へいへい、メインを取りたければTのように自分のピアノトリオでもすればってことでしょうよ。

絢爛たるタキシードとドレスに赤毛ザルがちょろちょろし疲れると、ついつい家路を急いでしまう。行きは時間がなかったから高速を使ったが、帰りは下道でのんびりと思っていたのに、結局同じ道を辿って有料道路に乗っていた。小銭を持ち合わせていなかったので、料金所で1ドル札を差し出し、クオーター2枚(¢50)の釣りを待っていると係員が『丁度1ドルよ』と吐いた。えっ、来しな50セントだったのに・・・はっ!

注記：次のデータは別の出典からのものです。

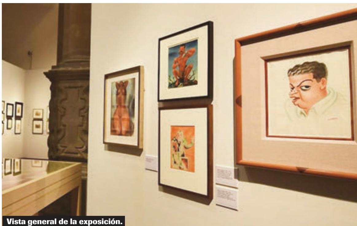
Vista general de la exposición.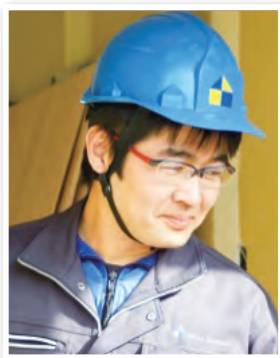
始良支店 工務課 係長代理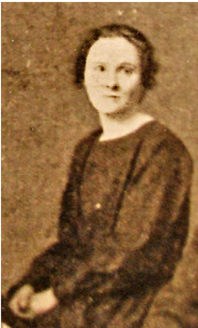
[Fragment]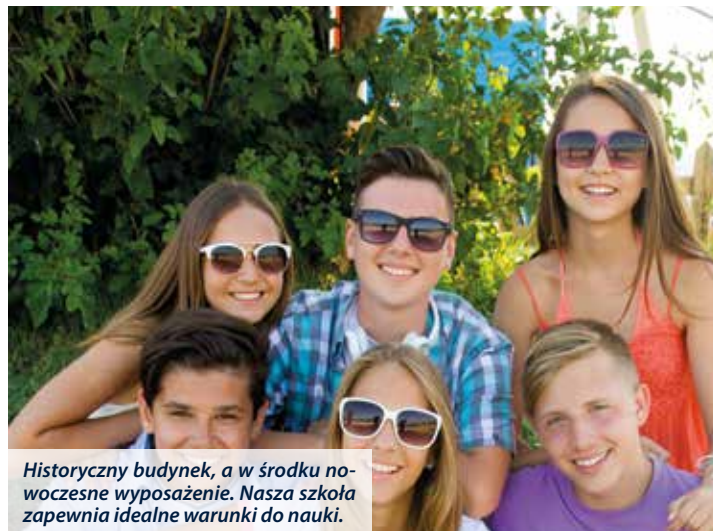
Historyczny budynek, a w środku nowoczesne wyposażenie. Nasza szkoła zapewnia idealne warunki do nauki.

W Maladze z pewnością dużo czasu będziesz spędzał na plaży. Warto jednak odwiedzić też takie miejsca jak Muzeum Picassa czy skorzystać z rejsu statkiem!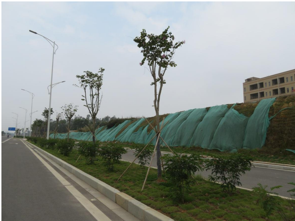
照片 2: 道路沿线现状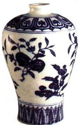
永乐 青花折枝花果梅瓶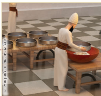
יא. ניפוי בי"ג נפה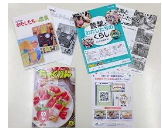
食農教育関連教材 （小冊子・食農教育子ども雑誌）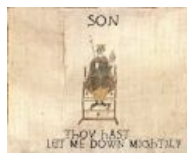
Омрачил душу мою ты, сын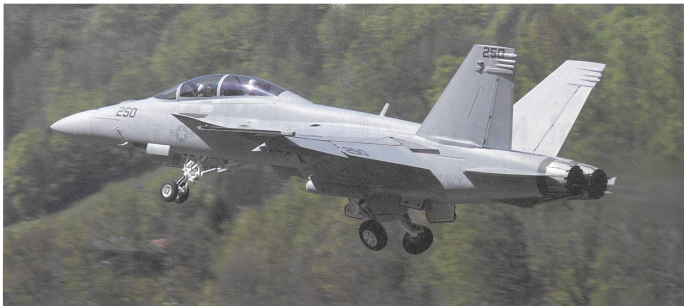
Gut erkennbar das Doppeltriebwerk am Super Hornet.

USA. Sie seien hochleistungsfähig, bezahlbar und verfügbar. Der Super Hornet ist ferner in der Royal Australian Air Force und der Kuwait Royal Air Force im erfolgreichen Einsatz. Über 700 Stück sind ausgeliefert.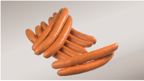
Art.-Nr. 035024 Bockwurst Atmospack, Kal. 32/34, 12 x 120 g/Packung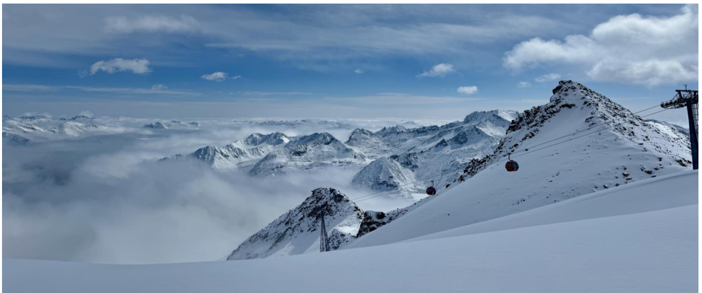
GO1TFU-TG011 เฉิงตู ภูเขาหิมะกลาเซียร์ต้ากู่ปังชว่น โหมวหนี่โกว จิวจ้ายโกว(นั่งรถไฟความเร็วสูง) 6วัน 5คืน *ไม่ลงร้านช้อปปิ้ง/รวมรถเหมา* โดยสายการบิน Thai Airway (TG)

เช้า รับประทานอาหารเช้า ณ ห้องอาหารภายในโรงแรม (มื้อที่ 2)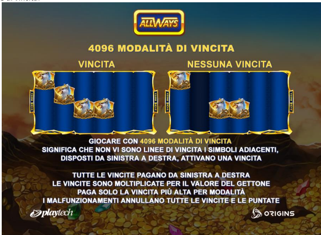
Figura 1 Linee di vincita

Le linee attive sono indicate da cornici che compaiono sulle posizioni dei simboli di ogni rullo, come illustrato nella tabella dei pagamenti.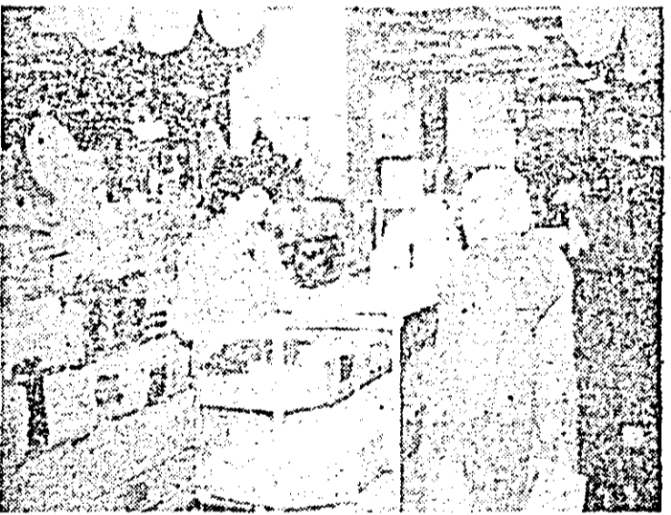
Aspect din raionul tricotaže copii al magazinului universal „Ziridava”.

tenț cu ridicarea nivelului tehnic și calitativ al producției. În fond este vorba despre trecerea hotărîtă la dezvoltarea intensivă a economiei, concretizată în sporirea rentabilității și beneficiului în fiecare unitate ca rezultat al valorificării mai înalte a materiilor prime, a reducerii cheltuielilor de producție. Cum bine se știe, în fiecare unitate au fost elaborate programe speciale care să asigure îndeplinirea exemplară a planului pe acest an. Adunările generale ale oamenilor muncii, recent încheiate, valorificînd tezaurul de idei al inițiativei muncitorești, au completat aceste programe cu noi măsuri. Hotărîtoare sînt munca oamenilor, angajarea lor fermă, cu răspundere și elan revoluționar pentru îndeplinirea exemplară a tuturor sarcinilor.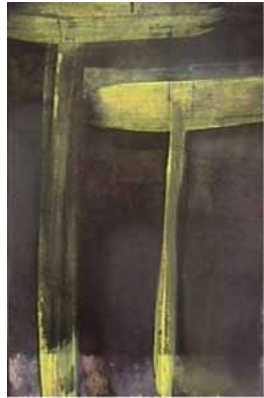
'growing' Mischtechnik auf Papier auf Holz je 29.5 x 19.5 cm 2002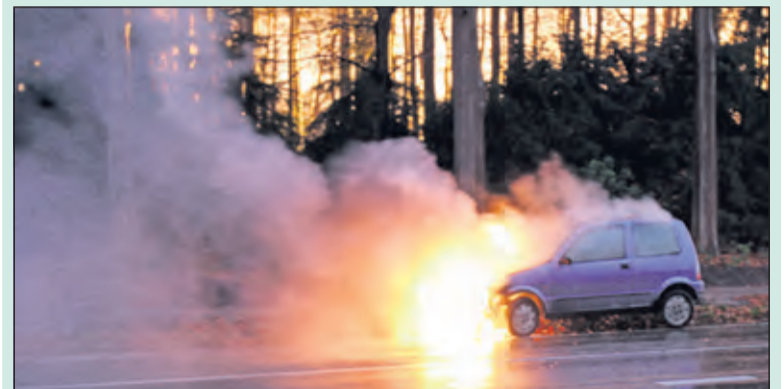
Auto in brand.

Een onoplettende automobilist reed daarna achterop de stilstaande politieauto, die geparkeerd stond met zwaailichten aan op de rechterrijstrook. De klap van de botsing was zo hard, dat de auto, die achterop de politieauto reed tegen de vangrails van de linkerrijstrook kwam. De bestuurder van de auto die tegen de politieauto reed kwam met de schrik vrij en liep geen letsels op. De Utrechtseweg was gedurende lange tijd richting Zeist afgesloten, waardoor een grote file ontstond. Het verkeer stond in file vanaf afslag uithof op de A28. [Reyn Schuurman]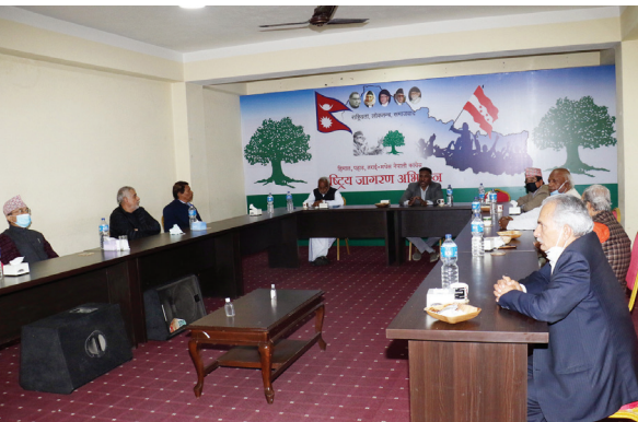
प्रमुख प्रतिपक्षी दल नेपाली कांग्रेसको अग्रसरतामा सङ्घीय संसदमा प्रतिनिधित्व गर्ने विपक्षी दलहरूको नेपाली कांग्रेस केन्द्रीय कार्यालय, सानेपामा सोमबार बसेको बैठक।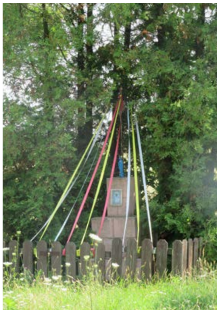
Lokalizacja: Jackowo Górne;

K apliczka drewniana wisząca na drzewie z wizerunkiem Pana Jezusa Dobrego Pasterza.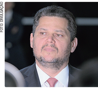
Davi Alcolumbre não esconde que quer manter a PEC travada

O senador Otto Alencar informou que vai priorizar a PEC do fim da escala 6x1, por ter iniciado a tramitação antes da proposta da oposição. Na semana seguinte à aprovação na Câmara, Alcolumbre criticou a pressão para despachar a matéria, sugerindo que ela poderia ser melhorada no Senado e passar por comissões antes do plenário. “Tenho certeza de que, como outros senadores, seria razoável que o Senado pudesse melhorar um texto dessa importância e debater o tema com calma”, defendeu Alcolumbre.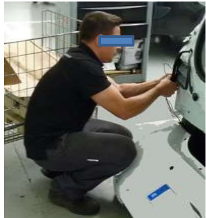
Trabajando en cucullas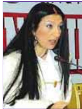
Γράφει η Ρόζα Βιδάλη

πνευματική γύμνια των ηγητόρων μας κατόρθωσε, να μας φέρει στο σημείο να φωνάζουμε ότι «φταίνει οι άλλοι» για την εξασθίωσή μας, αφαιρώντας ύπουλα την ικανότητα χρόνια τώρα να προσπαθούμε ΕΜΕΙΣ για ΤΟ ΚΑΛΥΤΕΡΟ- ΤΟ ΔΙΚΑΙΟΤΕΡΟ- ΤΟ ΑΥΤΟΝΟΗΤΟ: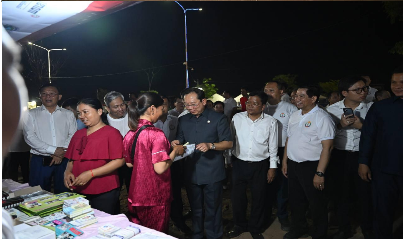
សកម្មភាពអប់រំផ្សព្វផ្សាយ និងធ្វើតេស្តរកមេរោគអេដស៍ និងមេរោគស្វាយ ក្នុងព្រឹត្តិការណ៍នៃព្រះរាជពិធីបុណ្យអុំទូក បណ្តែតប្រទីប និងសំពះព្រះខែ អកអំបុក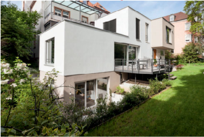
Schlüsselfertiges GrünspechtHaus in FR- Herdern

1984-2018 Über 30 Jahre Holzbauerfahrung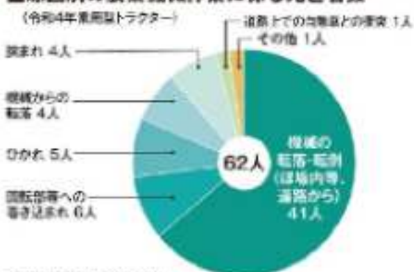
■原因別の農業機械作業に係る死亡者数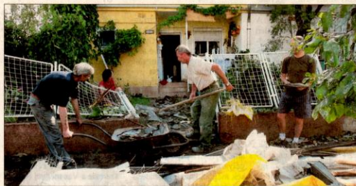
Romeltakarítás Veszprém dózsavárosi részében, a Cseri utcában a péntek esti pusztító vihar után

Tomádószerű vihar csapott le pénteken késő este a városra, a legnagyobb károkat a Vadvirág óvoda, a Kittenberger vadaspark, valamint a városban lévő volt közgazdasági szakközépiskola épülete szenvedte el, jelentette be hétfőn a polgármester. (Folytatás a 3. oldalon, Hatalmasak a viharkárok címmel.)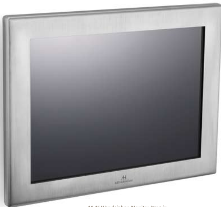
10,4" Wandeinbau-Monitor Drop in Edelstahlausführung zur Integration in die Wand oder anderen Flächen

Die „In-Wall“ Monitore Drop lassen sich leicht in die Wand integrieren. Der Clip-On Einbaurahmen, der dann einfach aufgesteckt wird, sorgt für einfache Installationen und für den sorgenfreien, schnellen Zugang im Servicefall. Die Clip-On Einbaurahmen erhalten Sie in gebürstetem Edelstahl oder in der Farbe Ihrer Wahl lackiert. Drop & Rise sind die Namen für unsere Informations-Monitorserien.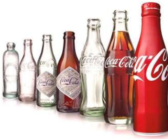
Slika 2. Oblici ambalaže Coca-Cola tijekom godina, andamanislandtrip.com, 2019.

„Njihova marka uključuje proizvode: Coca-Cola, Sprite, Fanta i ostatak bezalkoholnih pića. Njihovu marku kave i čaja čine: Dasani, Smartwater, Vitaminwater, Topo Chico, Powerade, Costa, Georgia, Gold Peak, Honest i Ayataka. Marku biljnih napitaka, prehrane, mliječnih proizvoda i sokova čine: Minute Maid, Simply, Innocent, Del Valle, Fairlife i AdeS“ (The Coca-Cola company, 2021).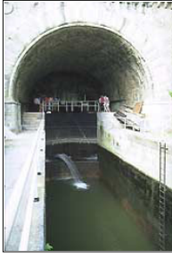
"Wasser Marsch": Doppelschleuse am Weilburger Schiffstunnel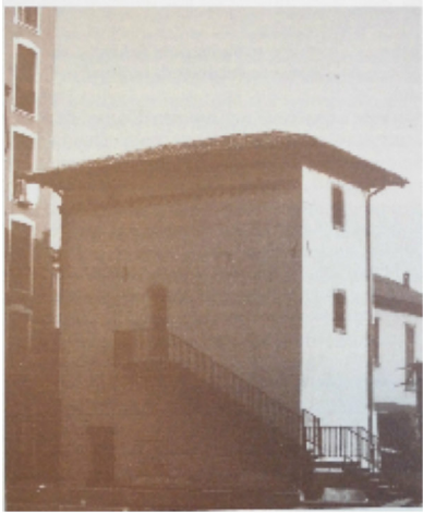
L'edificio dopo il restauro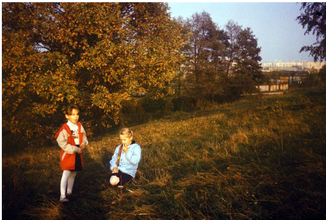
Fot. nr 137. Jesień 1988.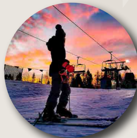
CENTRO DE SKI

そういや最近、「もうすぐ料金所」の看板の金額表示が消されていて訝しがっていたばかりだ。こいつらオレに断わりもなしに値上げするつもりだなと警戒をしていた。日付けが新年に変わって料金が倍になった!道理で自動徴収のレーンでは、丁度の料金を入れたと勘違いしてプップクとクラクションを鳴らすヤツが多いと思った。普段新聞を読まず、テレビニュースも観ない自分が悪い。

暫くしてミツワへ通ずるいつもの有料道路に入る。ここは今まで40セント取っていた。果たして料金所の係員は、差し出した1ドルのお釣にわずか20セントしか寄越さなかった。

うーむ、50円程が100円程になるのは痛い。ミツワへの往復100円程が200円程になるのは痛い。そして今までクオーター(¢25硬貨)、ダイム(¢10)、ニッケル(¢5)一枚づつで40セントを掘ぉり込んでいたのに、これからどういうコインの組み合わせをしたら良いのか悩んでしまう。